Last night I got paged with the 2 errors below:
First
SQL Server Alert System: 'Severity 017 - Insufficient Resources' occurred on ServerA
During undoing of a logged operation in database 'X', an error occurred at log record ID (561239:5810208:1). Typically, the specific failure is logged previously as an error in the Windows Event Log service. Restore the database or file from a backup, or repair the database.
Second
SQL Server Alert System: 'Error Number 823 - IO/Hardware/System Issue detected' occurred on ServerA
DESCRIPTION:The operating system returned error 1450(Insufficient system resources exist to complete the requested service.) to SQL Server during a write at offset 0x0000dc1e14c000 in file 'H:\X.mdf:MSSQL_DBCC25'. Additional messages in the SQL Server error log and system event log may provide more detail. This is a severe system-level error condition that threatens database integrity and must be corrected immediately. Complete a full database consistency check (DBCC CHECKDB). This error can be caused by many factors; for more information, see SQL Server Books Online.

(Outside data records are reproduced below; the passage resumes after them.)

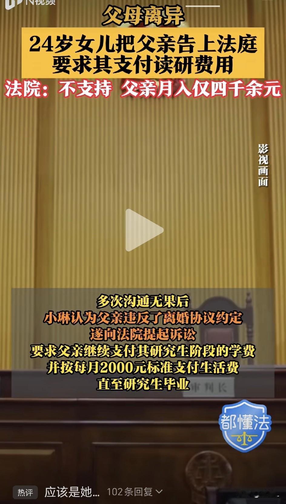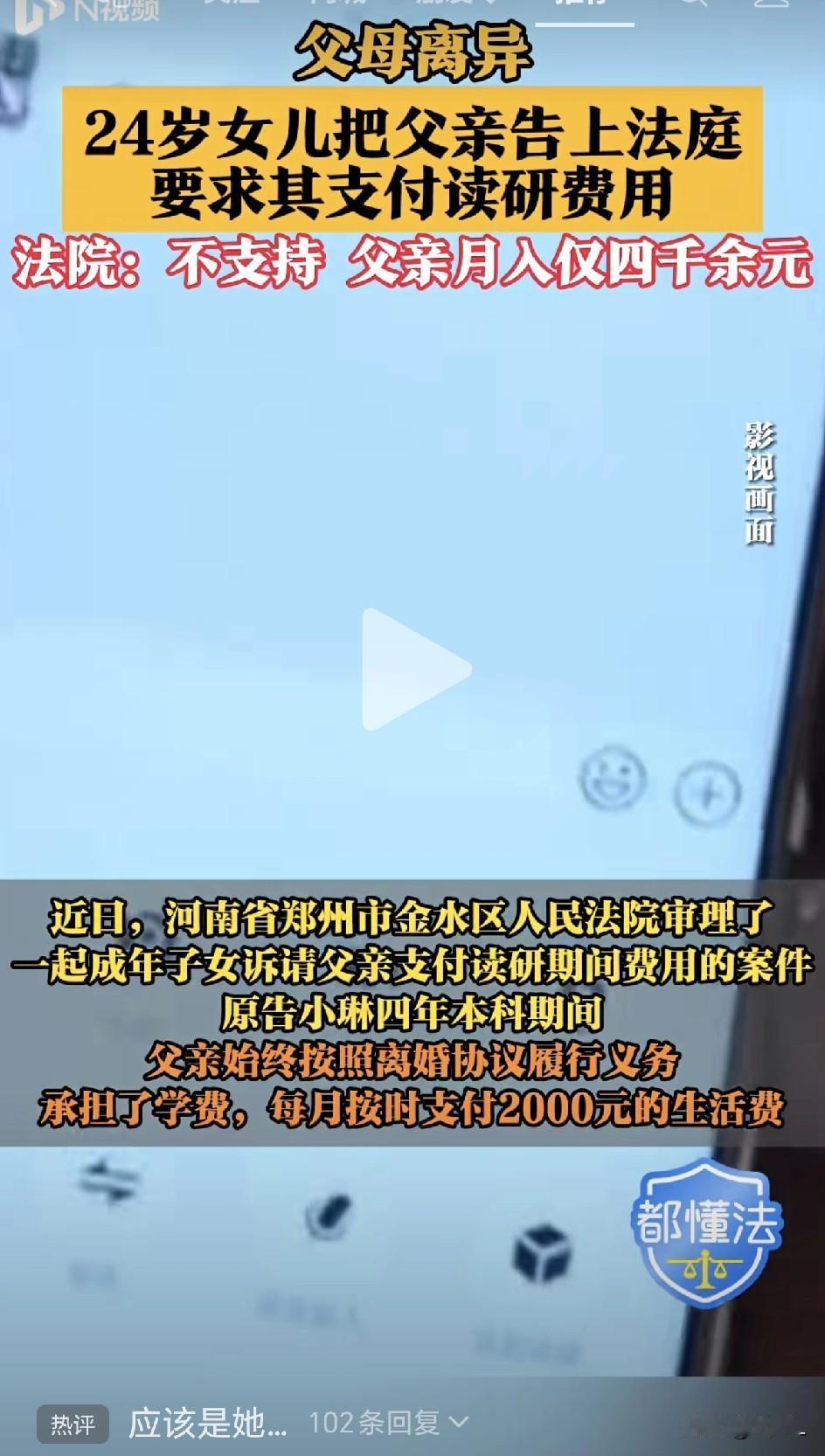 23岁研究生女儿将父亲告上法庭:给我出学费!法院判决结果亮了! 近日,河南郑州金水区人民法院审理了一起成年子女诉请父亲支付读研期间费用的案件。 原告小琳,18岁时,父母因为感情不和离婚。离婚时,约定小琳由母亲直接抚养,而小琳上大学时的学费则由父亲支付,并且父亲需要每月支付2000生活费。 在小琳的四年本科期间,父亲一直信守承诺,足额支付学费和每月2000元的生活费,完全覆盖了小琳的学习和生活所需。 2024年,小琳本科毕业后,选择继续攻读硕士研究生。 只是,父亲在支付了第一年研究生学费后,提出以后不会继续支付小琳的学费和生活费。理由是,自己的年事已高,现在挣钱不容易,而且23岁的小琳已经是成年人,研究生也不是义务教育,自己作为父亲已经承担了应尽的义务。 多次沟通后,父亲仍坚持自己的观点,小琳则把父亲告上了法庭,认为父亲违反了离婚协议约定,要求父亲继续承担自己研究生阶段学费以及每月2000元的生活费,直到自己研究生毕业。 但法院在经过调查发现,虽然父母离婚时,小琳已经年满18周岁,但出于父母对子女的养育责任,小琳的父亲在女儿四年本科期间,一直按照离婚协议承担女儿的学费和生活费。 只是小琳的父亲每月工资不过4000元,年龄也大了,对于女儿读研期间的学费和生活费实在无法继续承担。 父母为成年大学生支付抚养费的行为只是基于亲情和道义,而不是法定义务。 所以法院驳回了小琳的所有诉求! 但凡父母有那个经济能力,对于子女接受高等教育,一般都会竭尽所能去提供经济支持。这是亲情使然,但不能成为道德绑架的借口。 毕竟研究生不是义务教育,不是父母必尽的义务。 况且,读书深造,可以通过助学贷款、勤工俭学等等方式来解决自己的学费和生活费问题。 法律是底线,而非上限!法律规定了父母必须承担的最低责任,但家庭中的爱与付出远超出法律范畴。 子女在主张自己权利的同时,也必须理解并尊重父母的困难和权利。 在完成高等教育后,子女应该学会靠自己立足于社会,这是每个成年人的必修课。 小琳和父亲的故事在提醒所有家庭,在亲情与责任之间,需要的是沟通、理解与共同担当,而非单纯的法律强制。 信息来源于南方都市报,侵联删!
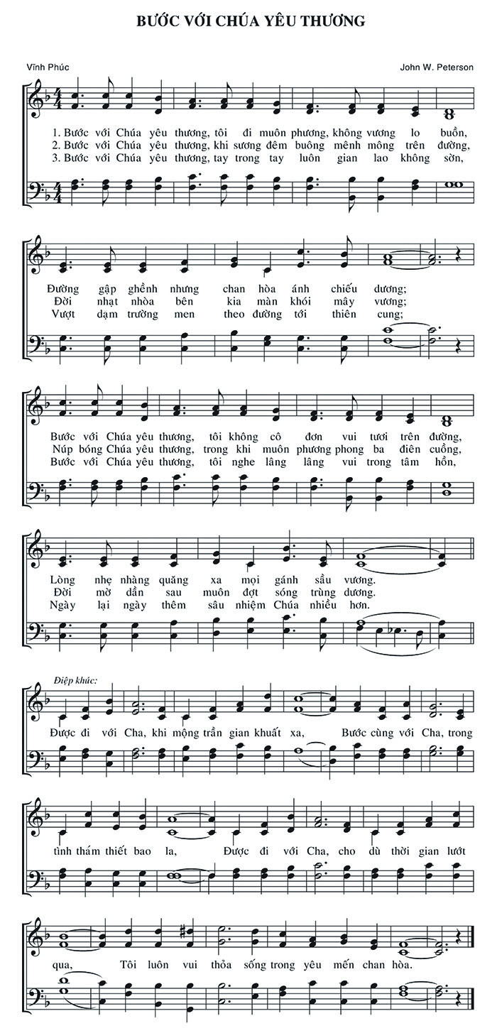 1. Bước với Chúa yêu thương, tôi đi muôn phương, không vương lo buồn, Đường gập ghềnh nhưng chan hòa ánh chiếu dương; Bước với Chúa yêu thương, tôi không cô đơn vui tươi trên đường, Lòng nhẹ nhàng quăng xa mọi gánh sầu vương. 2. Bước với Chúa yêu thương, khi sương đêm buông mênh mông trên đường, Đời nhạt nhòa bên kia màn khói mây vương; Núp bóng Chúa yêu thương, trong khi muôn phương phong ba điên cuồng, Đời mờ dần sau muôn đợt sóng trùng dương. 3. Bước với Chúa yêu thương, tay trong tay luôn gian lao không sờn, Vượt dặm trường men theo đường tới thiên cung; Bước với Chúa yêu thương, tôi nghe lâng lâng vui trong tâm hồn, Ngày lại ngày thêm sâu nhiệm Chúa nhiều hơn. chorus. Được đi với Cha, khi mộng trần gian khuất xa, Bước cùng với Cha, trong tình thắm thiết bao la, Được đi với Cha, cho dù thời gian lướt qua, Tôi luôn vui thỏa sống trong yêu mến chan hòa. Điệp khúc: Được đi với Cha, khi mộng trần gian khuất xa, Bước cùng với Cha, trong tình thắm thiết bao la, Được đi với Cha, cho dù thời gian lướt qua, Tôi luôn vui thỏa sống trong yêu mến chan hòa.
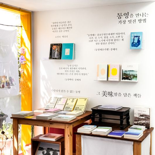 추천하는 독서 명소는 카페 ‘내성적싸롱 호심’. 책방과 100m 거리로, 일러스트레이터 ‘밥장’이 오래된 주택을 고쳐 운영하는 카페다. 주인장이 직접 굽는 르뱅쿠키가 명물이라고. 감성 사진관 ‘모노드라마’에서 사진을 찍는 것도 좋다. 촬영 후 원하는 문구를 캘리그라피로 장식할 수 있어 여행의 추억을 담아가기 좋다. 책방 바로 옆 전혁림미술관에서는 전혁림 화백과 아들 전영근 화백이 그린 시원하고 푸르른 통영 바다를 감상할 수 있다.
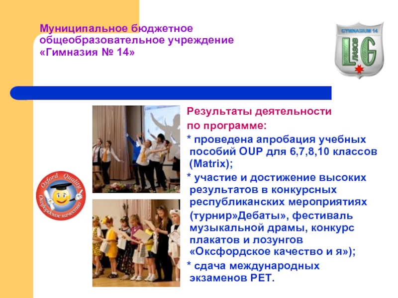 (турнир»Дебаты», фестиваль музыкальной драмы, конкурс плакатов и лозунгов «Оксфордское качество и я»);
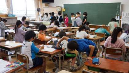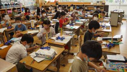 3年1組は理科で,車の模型を改良していました。2組は漢字の学習をしていました。
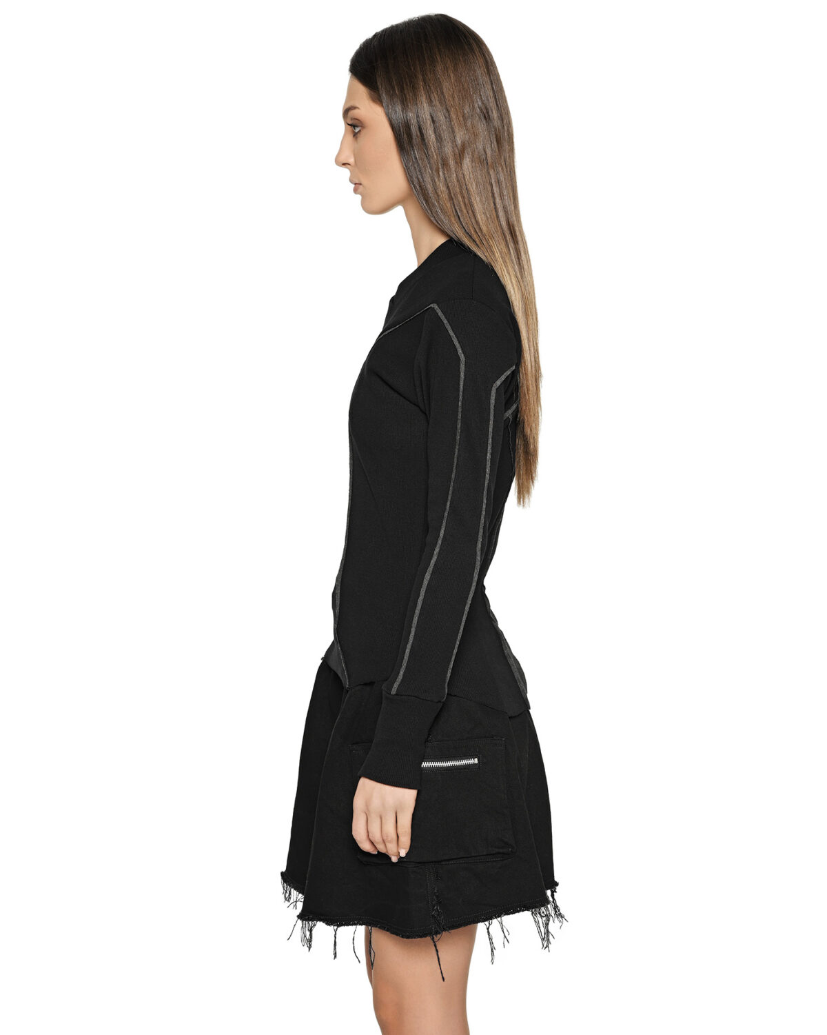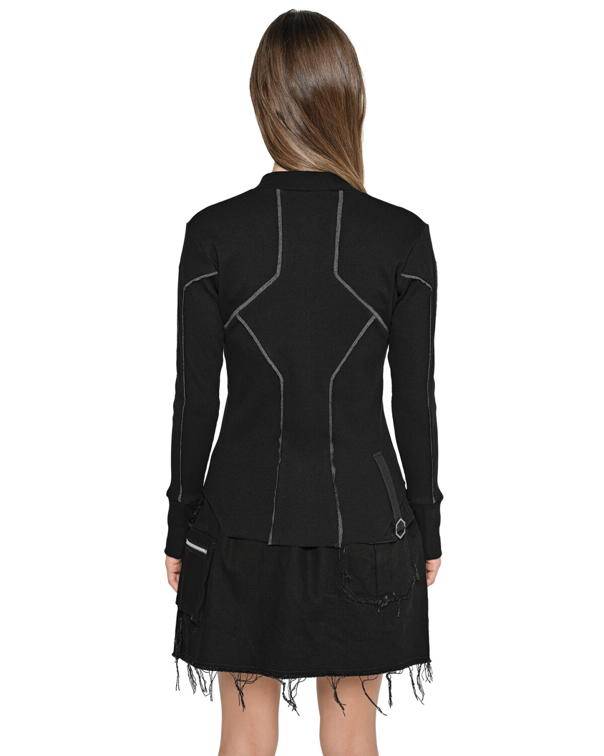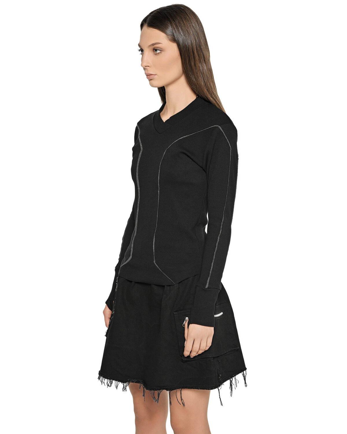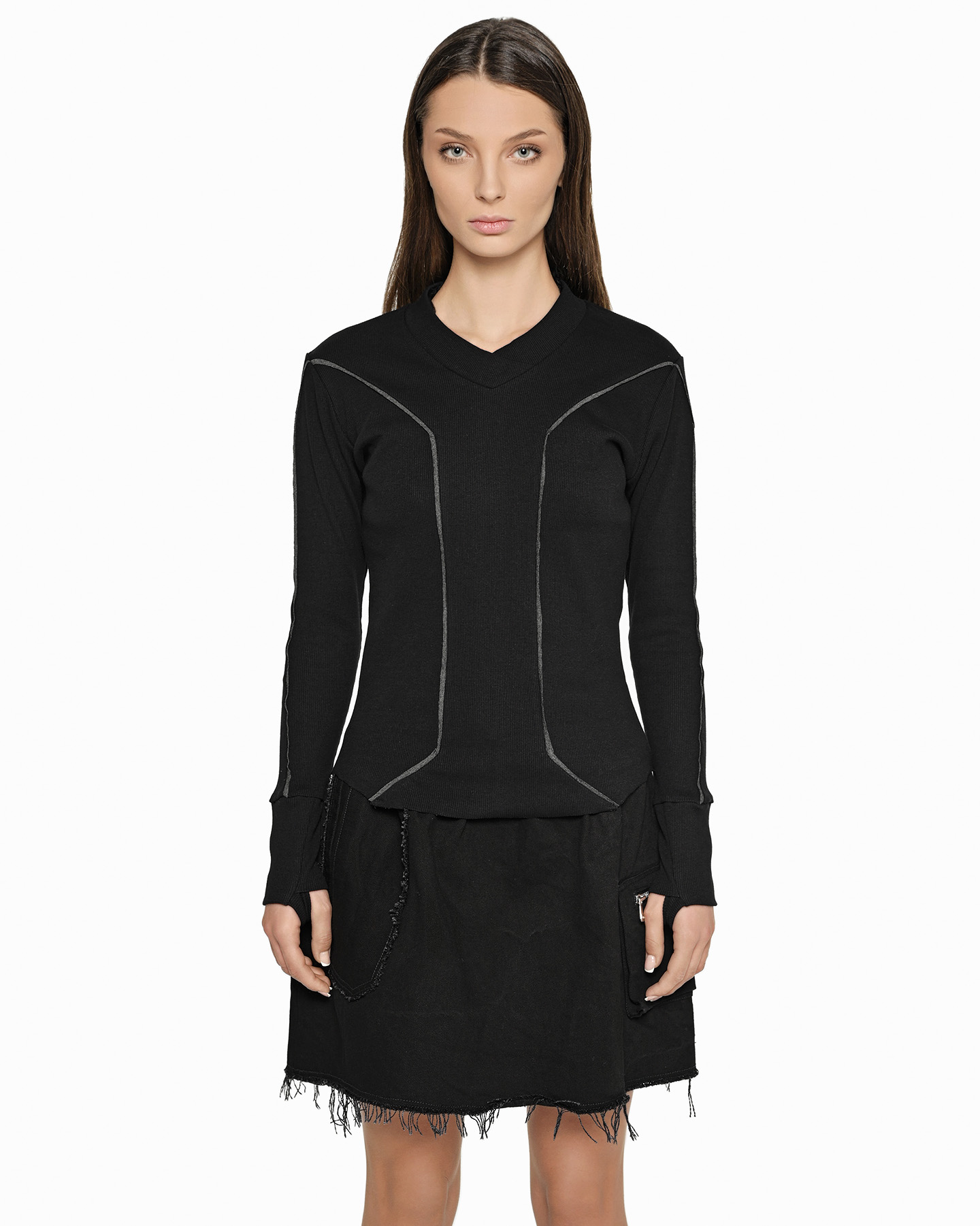 The upper, defined by an overlapping V-neck and thumbholes at sleeve cuffs, is balanced by the asymmetrical finish of a raw hem and a signature hexagon steel loop.

CHECK THE SERVER ASAP - http://support.microsoft.com/kb/2015755 - IO Hardware/System Issue detected - The DBA's have been notified about the cause of this error and can assure you that the public flogging of the developer responsible for this error will be severe.
When I got home and started to do some digging I saw that our subscriber was millions of replication commands behind for a specific article. I didn't think much of this because about 3,000,000 rows were deleted earlier in the day from the publisher for this table (so falling behind a little is expected for a few hours).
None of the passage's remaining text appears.